There’s actually a secondary classification that helps us get an even better grasp on what’s going on with our churn and that is Expected vs. Unexpected. We’d say those that didn’t have success potential were “expected” since there wasn’t any way they were going to be successful, while those customers who were on Positive Success Vector but suddenly went out of business were “unexpected.”
Now, unless you’ve done everything wrong in your customer acquisition process, the amount of churn you have that is truly unavoidable is likely FAR lower than what you think (or want to admit).
Pulling it all Together
Will you ever get to zero customer churn? I don’t know, but you should try.

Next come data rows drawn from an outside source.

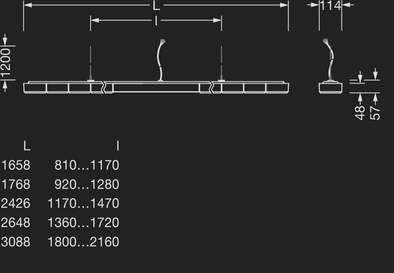 - Seilabhängung bitte zusätzlich bestellen (pro Leuchte 2 Stück erforderlich)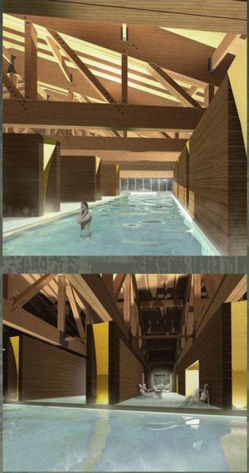 “Il Palazzetto del Ghiaccio – spiega l’architetto Daniele Geltrudi – è oggi un immenso salone la cui copertura è sostenuta da una spettacolare carpenteria lignea di capriate da 40 metri. La nostra proposta valorizza le capriate appoggiandovi delle libere pareti di legno trasversali con le quali identificare gli spazi funzionali richiesti dal bando: un ambiente termale, una palestra, una sala convegni, una hall di accoglienza e distribuzione, la sistemazione dell’esterno: la strada lungo il torrente Evancon e il giardino-boschetto sul lato opposto“
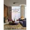 L?mpara realizada en metal y aluminio acabado negro mate arenado. Difusor opal de silicona. 54W LED. 2.700 lm. 3.000 K.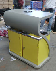 由于欣方圳垃圾桶廠家該款鋼制垃圾桶訂單的產(chǎn)品是鍍鋅鋼板材質(zhì),大大增加了產(chǎn)品的使用壽命,根據(jù)客戶的要求,該產(chǎn)品采用靜電噴涂工藝,使桶身表面的漆料牢牢吸附, 漆料方面更是選用了防水,防腐,耐高溫的材料,更是增加了該產(chǎn)品的耐用性。桶身投口采用內(nèi)推蓋的設(shè)計(jì),不僅僅美觀,更是防止蚊蠅的滋生。方便了垃圾的存放,由于該桶為兩個(gè)單桶組合在一起,桶身上由專業(yè)的設(shè)計(jì)人員設(shè)計(jì)公司的圖案,不僅僅突出了公司的標(biāo)識,更使得產(chǎn)品更加美觀。
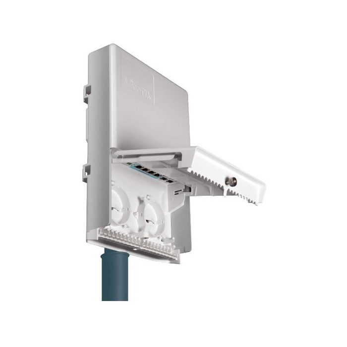 Это простой в развертывании, недорогой способ для любого интернет-провайдера доставить Интернет в отдельные квартиры. Для подключения к оптике предусмотрены два 10G SFP+ порта. Наружный корпус позволяет устанавливать устройство в любых местах - на влажных чердаках, в лифтовых шахтах и на различных опорах с использованием хомутов.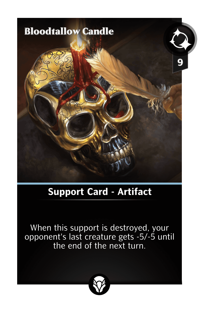 When this support is destroyed, your opponent’s last creature gets -5/-5 until the end of the next turn.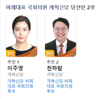 끝으로 개혁신당 비례대표 당선인은 이주영, 천하람, 총 2석을 차지했다.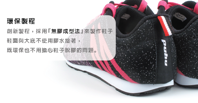 創新製程,採用『無膠成型法』來製作鞋子 , 鞋面與大底不使用膠水接著,既環保也不用擔心鞋子脫膠的問題。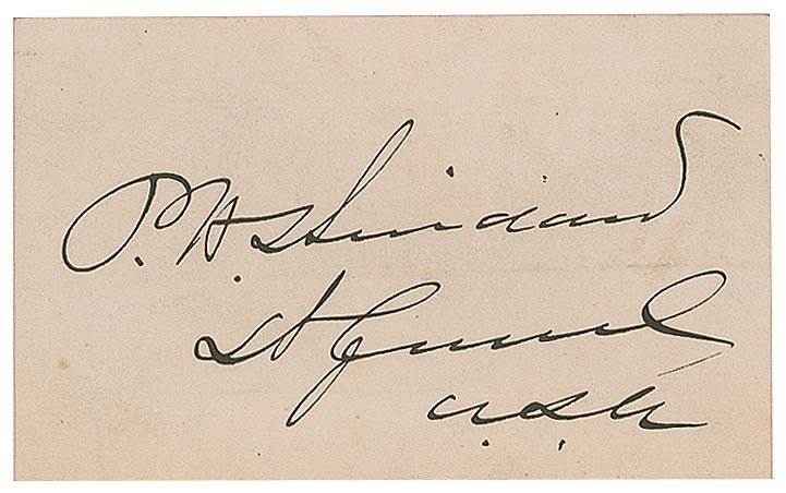 Ink signature, "P. H. Sheridan, Lt. General, U.S.A.,” on an off-white 3.5 x 2 card. In fine condition.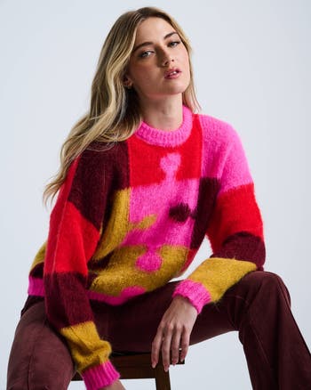 From our Made In Italy collection, Puzzled features a colorful puzzle-inspired intarsia on a relaxed crewneck silhouette. Made from a brushed mohair blend, it’s soft, breathable, and full of personality.

If you have any churn, you should learn from it, and try to reduce it.
Customers that churn out stop paying you.
Customers that churn out, take with them what you’ve spent to acquire and serve them as they leave.
Customers that churn out add no value to the business; they only reduce value.
Churn is a symptom of something else that’s going on; you’re acquiring the wrong customers or not helping the right customers be successful.
Churn is ultimately your fault and if you choose to ignore that, fine; but don’t blame your customers.
By ensuring the customer is on a path to achieving their Desired Outcome, you reduce avoidable churn.
By being deliberate and only acquiring customers with Success Potential, you reduce unavoidable churn.
That’s not just how you get to near-zero churn… that’s how you build a real, sustainable, and efficiently scalable business.